In a study performed using mice, it was found that the absence of Gpx4 promoted oxytosis/ferroptosis. Foods high in vitamin E promote Gpx4 activity, consequently inhibiting oxytosis/ferroptosis and preventing inflammation in brain regions. In the experimental group of mice that were manipulated to have decreased Gpx4 levels, mice were observed to have cognitive impairment and neurodegeneration of hippocampal neurons, again linking oxytosis/ferroptosis to neurodegenerative diseases.

Similarly, presence of transcription factors, specifically ATF4, can influence how readily a neuron undergoes cell death.

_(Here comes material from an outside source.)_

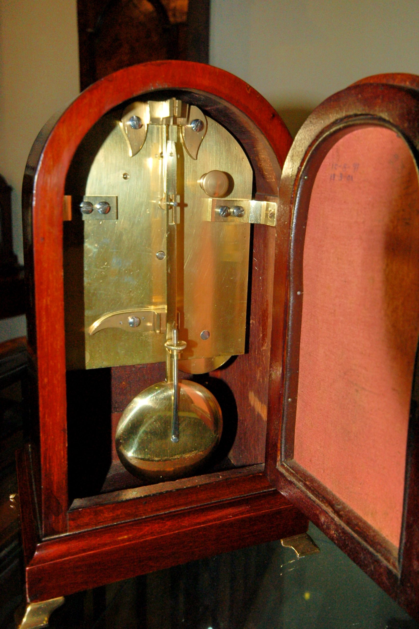 The small white painted convex dial with Roman numerals and the makers name shown to the top.
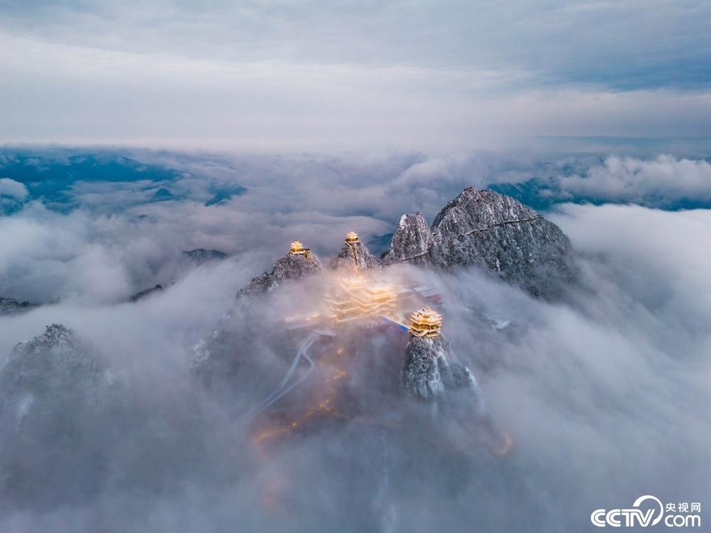 河南洛陽,雪后老君山云霧繚繞。

The presence of ATF4 promotes resistance in cells against oxytosis/ferroptosis. However, this resistance can cause other diseases, such as cancer, to progress and become malignant. While ATF4 provides resistance oxytosis/ferroptosis, an abundance of ATF4 causes neurodegeneration.

Recent studies have suggested that oxytosis/ferroptosis contributes to neuronal cell death after traumatic brain injury.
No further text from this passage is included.